Editorial: Ranking 5th in per pupil spending is good news

No matter how you look at it, the fact that Vermont ranks fifth in the nation in per pupil spending in public schools is good news. The U.S. Census Bureau reported that Vermont spends $15,175 per pupil in public schools compared to the national average of $10,499. At the top of the heap is New York, which spent $18,126 per pupil in 2009. The District of Columbia was second at $16,408; third was New Jersey ($16,271), and Alaska was fourth at $15,552.
That Vermont’s spending is relatively high is good news because it reflects the state’s commitment to the value of a good education. And it’s good news because we know we are in the midst of a knowledge-based economy that requires a solid liberal arts education as well as advanced levels of knowledge in specific trades and professions. The states willing to ensure that their children meet those higher standards will not only serve their youth well, but will prosper in the decades to come as families choose to live in states that embrace the need for good schools and advanced learning. It is one of the reasons to embrace the moniker as the “education state” and to continue to pursue policies that will strengthen that reality.
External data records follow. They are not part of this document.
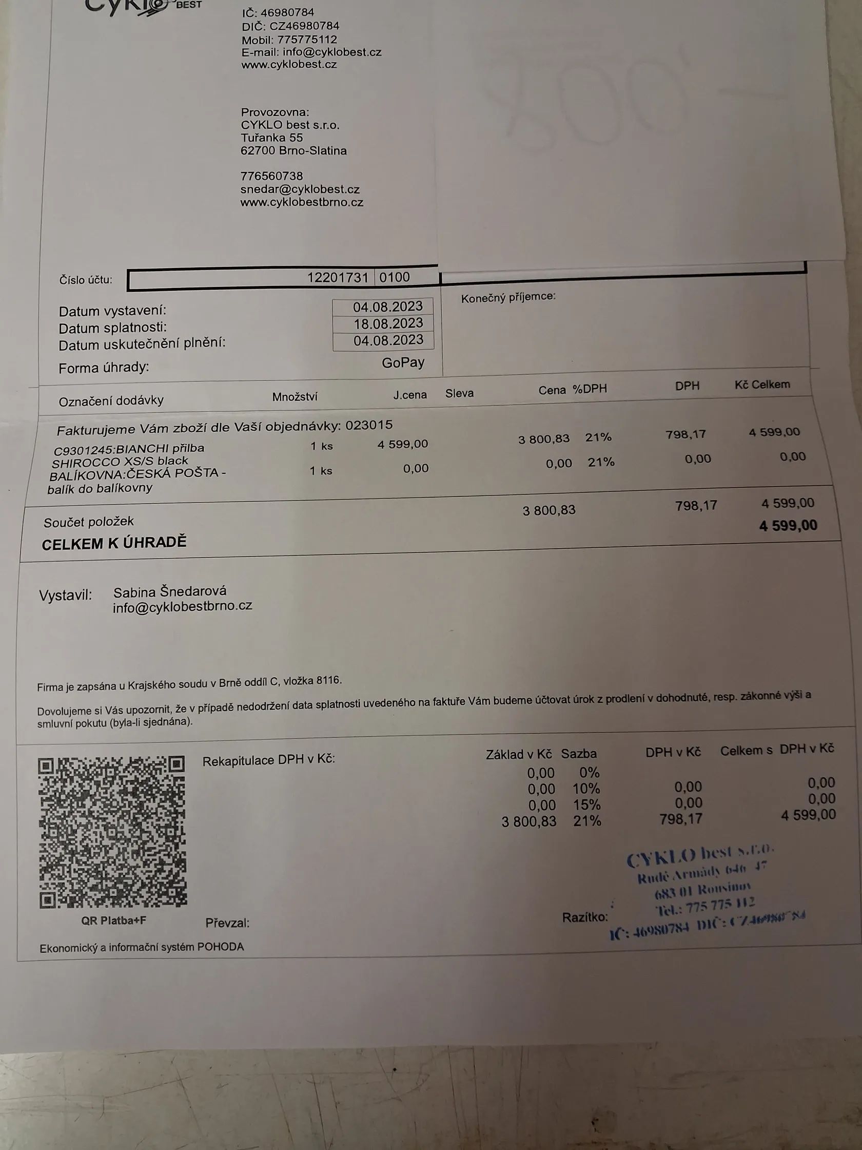 Dobrý den, mám zájem o Vámi nabízený inzerát Casco Bianchi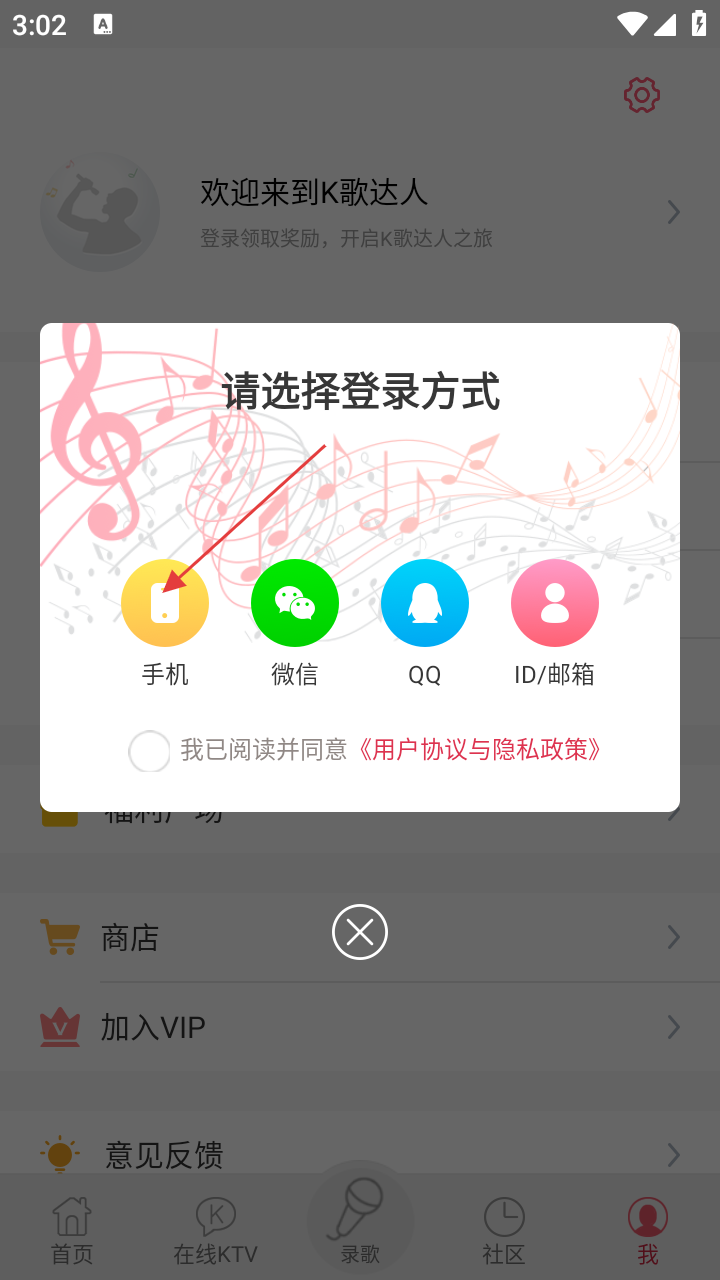 3、点击后会弹出登录方式选择窗口,若选手机登录,点击【手机】选项。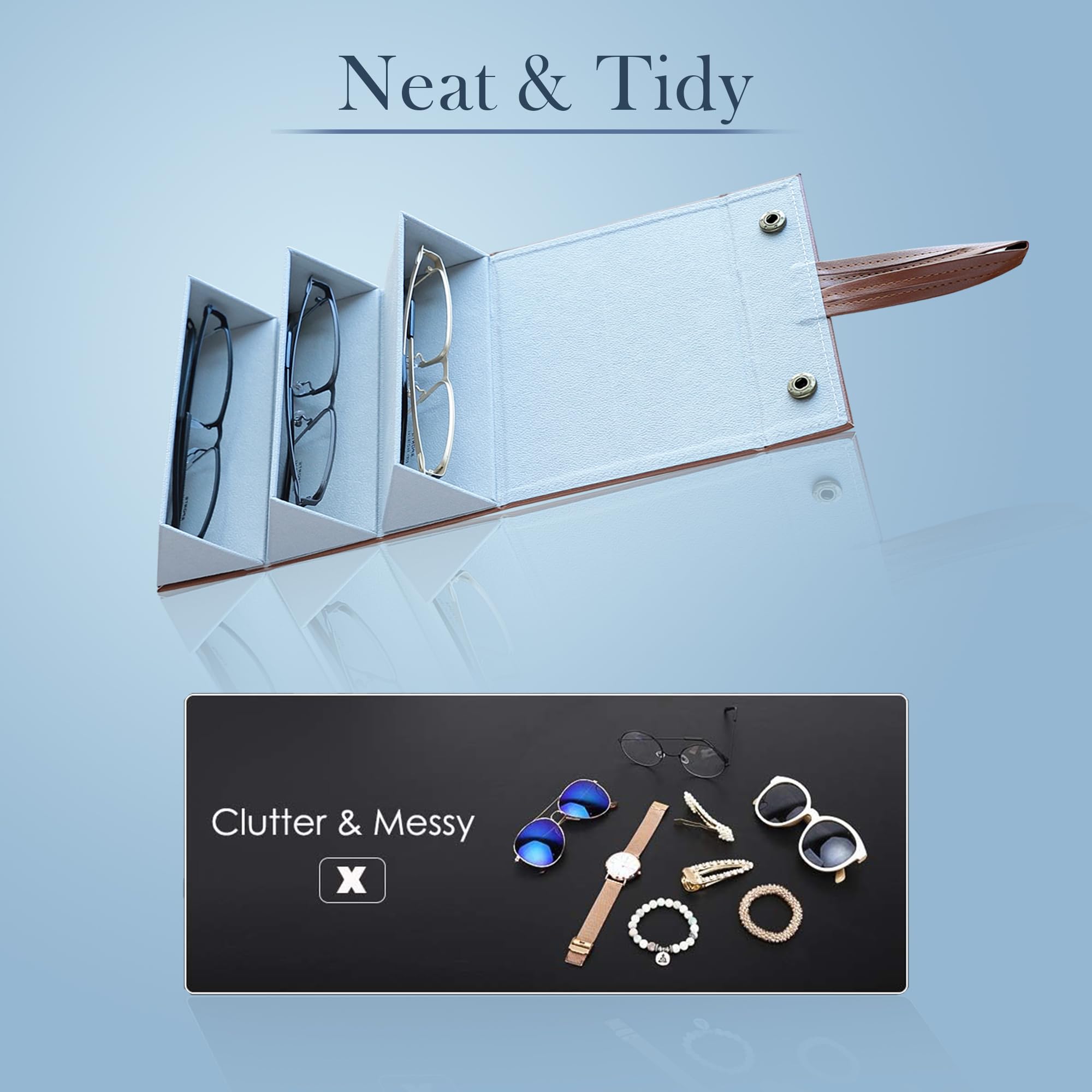 The Hanging and Foldable Sunglasses Organizer is not just a storage solution; it's a stylish addition to your home decor. Crafted from quality materials, it features a sleek and modern design that complements any interior. The organizer comes in a variety of colors and finishes, from classic black and white to elegant wood grain and metallic options, ensuring that it can seamlessly blend into any room’s aesthetic.One of the standout features of this organizer is its ability to make the most of your available space. It offers ample room to store sunglasses. Each compartment is designed to hold sunglasses of various sizes and shapes, from oversized aviators to sleek wayfarers.When not in use, the organizer can be easily folded down to a compact size, making it incredibly easy to store in a drawer or under the bed. This foldable design is perfect for those with limited space or for anyone who enjoys keeping their living area neat and tidy.Detailed Specifications: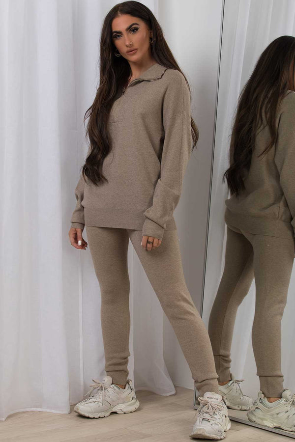 Knitted lounge set with half zip jumper. This knitted loungewear set is perfect for casual days in this new season. Featuring warm fine knit half zip jumper and elasticated waist...
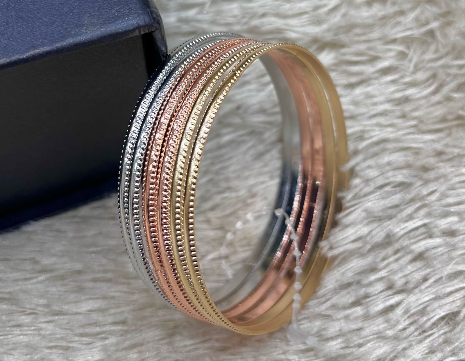Set of tri-tone bangles in gold polished, rose-gold and silver finishes with delicate beaded-edge detailing—lightweight, stackable design that offers timeless elegance for everyday wear or special occasions.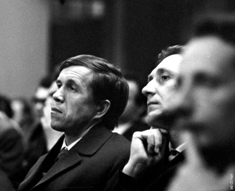 Кочаров Н. Г. (слева) и Трубачев И. Н., сотрудники Института физики им. Л.В. Киренского Сибирского отделения Академии наук СССР (ИФ СО АН СССР), в актовом зале Красноярского научного центра СО АН СССР на собрании, посвященном 250-летию образования Академии наук СССР, фото 1975 года.
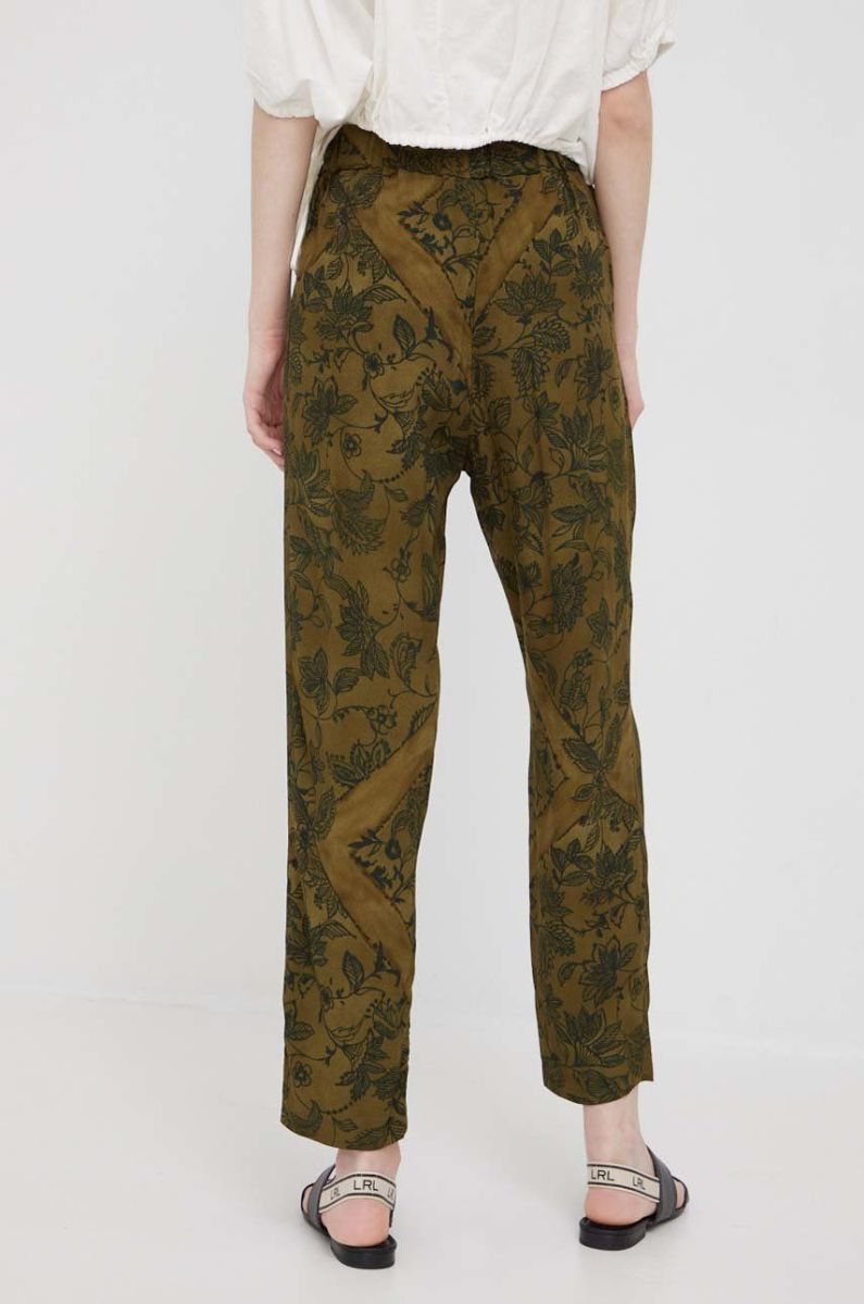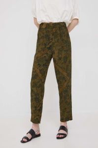 Штани Sisley жіночі колір зелений пряме висока посадка (2356395)

And while Vermont is lacking on its financial commitment to helping Vermont high school graduates attend a state college or university (Vermont graduates spend more than students in other states to attend in-state colleges or universities), the state does have an abundance of higher education facilities that attract a steady stream of bright, young students who may one day call Vermont their home.
Pity the states at the bottom of the heap — Utah ($6,356), Idaho ($7,092), Arizona ($7,813), Oklahoma ($7,885), Tennessee ($7,897) and Mississippi ($8,075) — that will likely have to increase per pupil spending significantly if they are to offer their youth the best possible education. That doesn’t mean that spending automatically assumes better educational outcomes (and Vermont’s rural demographics make education more expensive than other places), but as all states seek to educate their youth to compete in the global marketplace, it makes sense that a quality education is not going to come on the cheap. Products that have a high value cost money, and that’s especially true with a product that is as labor-intensive as education.
Vermont’s challenge is not to reduce spending to come closer to the national average, but rather to hold the current level of spending to small increases while seeking ways to get the best possible outcomes to help our youth land good jobs. Achieving that goal also creates an important economic asset: We become a magnet state for families who want to live in a state that values education, and we attract new businesses and industry that need an educated work force to prosper.
As a driver of economic development, the ability to tout Vermont as a state that believes in and supports a quality education for its youth and workers is a highly prized asset that should not be undersold.